2) Le caractère excusable

Ce caractère excusable est prévu à l’article 1132 du Code civil. Le contractant doit prendre les précautions suffisantes pour se renseigner sur les qualités de la chose ou du cocontractant. Il s’agit d’une exigence de responsabilisation de chaque contractant : une vigilance minimale est exigée.

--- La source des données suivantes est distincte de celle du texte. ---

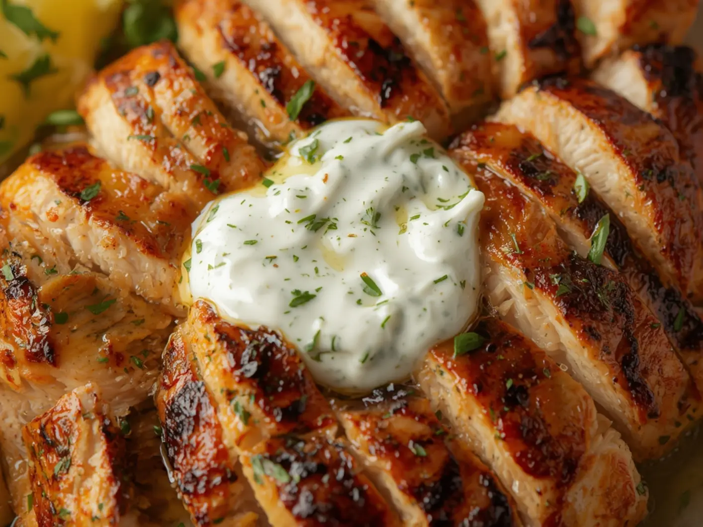 Lemon Herb Grilled Chicken with Tzatziki: Grilled chicken breast slices topped with creamy cucumber tzatziki sauce on a platter, showcasing golden char marks and fresh herbs.

Ce caractère s’apprécie également in concreto mais, malgré ce caractère, la jurisprudence a en fonction des circonstances, était plus exigeante à l’égard des personnes averties que du simple particulier ou amateur (arrêt de la troisième chambre civile du 4 juillet 2007 par exemple où un marchand de biens avait fait une conversion erronée de francs en euros), et la Cour de cassation a considéré que l’erreur était inexcusable pour les professionnels (arrêt de la première chambre civile du 1er octobre 2014). Dans d’autres cas, l’erreur est excusable bien que l’individu ait été averti (arrêts de la troisième chambre civile du 31 mai 2007 et de la chambre commerciale du 13 mars 2012).

 

Si l’erreur n’est pas excusable, elle n’entraine pas d’annulation du contrat mais, lorsqu’elle est excusable,  l’annulation du contrat (qui entraine son effet rétroactif) peut cependant entrainer d’autres conséquences. Ainsi, la Cour de cassation a retenu que pour une erreur entrainant l’obligation du vendeur de verser une indemnité à son cocontractant car l’acheteur s’était appauvri en faisant lui-même l’expertise du tableau qui en avait démontré l’authenticité, ayant entrainé l’annulation du contrat (arrêt de la première chambre civile du 25 mai 1992).